Written by: Barbara Boncek
From the 25th March to the 27th March I went with two of my co-workers and a professor for radiobiology of the Teikyo University to the cities Minamisouma and Namie in Fukushima prefecture. There, ICA Japan is supporting projects for the revitalization of the community.
As for the preparation for the trip, I read about the cities we were going to and tried to memorize specific Japanese vocabulary.
In Germany my major is East Asian Politics with Japanese, but since I am planning to focus on Human Development in Natural Disaster Regions during my Master studies, I was looking forward to this trip and to the chance to learn in such an environment. Since we do not really experience natural disasters as severe as in Japan, it was the first time for me to visit such a place and I was not really sure about what was expecting me.

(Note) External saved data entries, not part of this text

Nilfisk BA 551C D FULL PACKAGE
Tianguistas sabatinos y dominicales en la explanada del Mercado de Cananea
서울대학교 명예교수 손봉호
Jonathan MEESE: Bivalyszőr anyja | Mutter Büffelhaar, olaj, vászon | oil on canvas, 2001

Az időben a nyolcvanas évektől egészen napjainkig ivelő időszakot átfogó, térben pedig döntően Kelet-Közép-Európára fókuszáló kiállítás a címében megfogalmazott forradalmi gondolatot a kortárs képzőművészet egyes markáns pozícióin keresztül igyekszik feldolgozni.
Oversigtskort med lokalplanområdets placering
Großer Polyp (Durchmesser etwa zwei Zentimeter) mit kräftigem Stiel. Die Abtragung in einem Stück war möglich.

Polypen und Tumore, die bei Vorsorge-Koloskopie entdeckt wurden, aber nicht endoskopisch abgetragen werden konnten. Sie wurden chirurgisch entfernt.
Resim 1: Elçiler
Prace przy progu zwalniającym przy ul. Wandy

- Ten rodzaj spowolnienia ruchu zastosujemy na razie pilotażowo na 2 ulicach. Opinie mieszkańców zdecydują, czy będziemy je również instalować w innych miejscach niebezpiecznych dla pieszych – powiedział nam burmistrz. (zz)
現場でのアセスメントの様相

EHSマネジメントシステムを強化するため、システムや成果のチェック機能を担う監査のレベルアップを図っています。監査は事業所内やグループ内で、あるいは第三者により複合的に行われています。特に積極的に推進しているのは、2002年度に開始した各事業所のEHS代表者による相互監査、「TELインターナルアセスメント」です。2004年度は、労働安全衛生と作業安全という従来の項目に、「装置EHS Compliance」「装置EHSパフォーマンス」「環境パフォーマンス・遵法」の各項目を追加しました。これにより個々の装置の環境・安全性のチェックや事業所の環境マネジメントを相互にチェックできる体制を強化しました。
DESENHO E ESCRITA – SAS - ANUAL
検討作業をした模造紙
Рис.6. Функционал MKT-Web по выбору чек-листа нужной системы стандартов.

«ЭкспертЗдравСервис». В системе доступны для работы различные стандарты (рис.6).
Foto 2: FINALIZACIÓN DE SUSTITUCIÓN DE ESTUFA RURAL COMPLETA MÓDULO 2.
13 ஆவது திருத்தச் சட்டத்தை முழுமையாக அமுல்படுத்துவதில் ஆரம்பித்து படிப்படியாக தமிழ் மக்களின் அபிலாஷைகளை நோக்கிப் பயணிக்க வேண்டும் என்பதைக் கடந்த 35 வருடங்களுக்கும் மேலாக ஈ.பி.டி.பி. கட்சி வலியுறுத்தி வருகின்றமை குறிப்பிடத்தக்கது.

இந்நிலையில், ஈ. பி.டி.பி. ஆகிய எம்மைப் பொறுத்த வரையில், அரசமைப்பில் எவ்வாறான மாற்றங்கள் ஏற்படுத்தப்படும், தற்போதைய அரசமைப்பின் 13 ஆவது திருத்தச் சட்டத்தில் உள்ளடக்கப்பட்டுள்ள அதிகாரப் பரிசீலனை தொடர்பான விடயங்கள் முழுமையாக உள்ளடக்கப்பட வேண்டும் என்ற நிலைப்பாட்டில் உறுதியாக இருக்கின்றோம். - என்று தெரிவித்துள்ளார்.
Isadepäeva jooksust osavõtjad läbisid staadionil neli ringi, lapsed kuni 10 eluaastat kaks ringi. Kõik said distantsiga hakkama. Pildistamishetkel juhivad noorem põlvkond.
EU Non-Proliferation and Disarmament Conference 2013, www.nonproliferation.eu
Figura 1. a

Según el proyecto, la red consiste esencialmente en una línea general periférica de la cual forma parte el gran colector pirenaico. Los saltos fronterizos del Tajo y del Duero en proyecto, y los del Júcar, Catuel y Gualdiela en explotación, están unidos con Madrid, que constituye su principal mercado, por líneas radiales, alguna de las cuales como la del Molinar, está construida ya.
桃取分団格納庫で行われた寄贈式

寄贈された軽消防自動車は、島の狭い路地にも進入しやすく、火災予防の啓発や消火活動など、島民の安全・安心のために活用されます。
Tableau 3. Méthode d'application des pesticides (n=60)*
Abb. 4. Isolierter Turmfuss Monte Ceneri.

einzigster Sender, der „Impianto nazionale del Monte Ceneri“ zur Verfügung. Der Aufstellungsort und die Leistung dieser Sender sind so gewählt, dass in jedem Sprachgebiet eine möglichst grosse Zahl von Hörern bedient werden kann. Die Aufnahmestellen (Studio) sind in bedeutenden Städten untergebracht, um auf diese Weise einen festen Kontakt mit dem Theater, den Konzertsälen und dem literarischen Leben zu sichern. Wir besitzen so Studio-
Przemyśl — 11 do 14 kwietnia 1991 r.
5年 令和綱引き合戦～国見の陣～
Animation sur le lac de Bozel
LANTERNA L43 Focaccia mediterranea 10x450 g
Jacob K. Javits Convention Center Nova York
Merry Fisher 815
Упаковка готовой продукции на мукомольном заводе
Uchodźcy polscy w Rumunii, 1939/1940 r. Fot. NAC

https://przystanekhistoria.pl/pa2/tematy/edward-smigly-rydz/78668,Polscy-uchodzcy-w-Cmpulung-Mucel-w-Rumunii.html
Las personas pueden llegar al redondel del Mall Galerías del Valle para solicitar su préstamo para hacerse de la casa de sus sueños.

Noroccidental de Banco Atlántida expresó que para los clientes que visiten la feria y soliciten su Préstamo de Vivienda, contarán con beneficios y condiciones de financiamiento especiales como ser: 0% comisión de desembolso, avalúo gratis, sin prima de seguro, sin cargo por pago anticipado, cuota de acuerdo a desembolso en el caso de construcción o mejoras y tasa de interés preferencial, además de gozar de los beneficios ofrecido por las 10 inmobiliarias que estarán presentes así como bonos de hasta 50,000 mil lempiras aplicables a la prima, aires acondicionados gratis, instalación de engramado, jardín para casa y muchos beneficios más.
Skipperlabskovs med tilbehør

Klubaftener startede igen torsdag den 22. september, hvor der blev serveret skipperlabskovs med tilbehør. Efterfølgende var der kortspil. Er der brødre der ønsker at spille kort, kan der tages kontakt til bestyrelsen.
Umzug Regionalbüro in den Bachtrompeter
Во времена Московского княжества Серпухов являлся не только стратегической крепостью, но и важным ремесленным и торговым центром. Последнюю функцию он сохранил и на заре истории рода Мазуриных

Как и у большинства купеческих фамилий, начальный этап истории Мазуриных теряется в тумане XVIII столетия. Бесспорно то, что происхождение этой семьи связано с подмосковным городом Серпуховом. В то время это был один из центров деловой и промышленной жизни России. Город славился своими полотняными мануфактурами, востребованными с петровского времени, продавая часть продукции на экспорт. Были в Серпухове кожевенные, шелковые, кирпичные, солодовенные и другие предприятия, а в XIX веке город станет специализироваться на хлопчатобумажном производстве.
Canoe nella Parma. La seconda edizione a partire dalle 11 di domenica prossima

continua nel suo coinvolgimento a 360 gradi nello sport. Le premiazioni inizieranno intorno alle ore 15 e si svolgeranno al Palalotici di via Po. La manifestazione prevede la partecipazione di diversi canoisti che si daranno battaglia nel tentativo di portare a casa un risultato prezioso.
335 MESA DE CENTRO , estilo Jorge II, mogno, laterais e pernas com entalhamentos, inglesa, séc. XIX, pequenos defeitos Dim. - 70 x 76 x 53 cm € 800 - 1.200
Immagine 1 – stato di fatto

I met with my co-workers and the professor in the morning of the 25th March to rent a car, before we went to Fukushima. On our way to Fukushima Prefecture, the professor explained a lot about radiology and its effect on the human body and the environment. As we got closer to our destination, I was quite surprised, because I expected the level to me much higher, but most of the time it was comparable with the level in Tokyo. But this depends also on the current environment and weather. For example is the level higher in the mountain side and when the sun is shining. This is caused by the ability of the mountains and trees to absorb the radioactivity. Therefore, the only way to decontaminate them is to cut off the trees. One of the few places where it was remarkable higher was Okuma, where the nuclear power plant is located.
Arriving in Minamisouma, I learned that not all the cities around the power plant are necessarily “dead regions”, since it is a very lively city with many young people. Nonetheless, there are still many problems Minamisouma is facing. One of them is the increasing population of the wild boars, which are coming closer to habited areas. To control the population they have to be killed, but it’s not possible to eat their meat, since they are eating radioactive food. That means that they have to be buried, which is regarding the space a rather difficult task.
A social activist gave us a tour to places, which were affected by the tsunami, the construction places for future disaster prevention and the deposit of the contaminated soil. I was quite shocked so see the places which were affected by the tsunami with my own eyes, because there is basically nothing left. It is hard to believe that those are former housing regions, since they just look like plain farmland now.
At the second day we went to Namie, a city next to Minamisouma, which is within the 20km radius around the nuclear power plant. There we went to the city hall and talked the staff. The staff was presenting us the current situation and measures to decontaminate the soil, as well as the situation regarding the citizen. Namie had around 20.000 citizens before the tsunami. Now they are 500 and most of them are older, because most of the young people moved away after the disaster, since it was easier for them to just start a new life somewhere else. I was able to ask my own questions, too, which I am very thankful about. Therefore, I learned about the psychological support of the people in these regions and the collaboration with companies for the revitalization.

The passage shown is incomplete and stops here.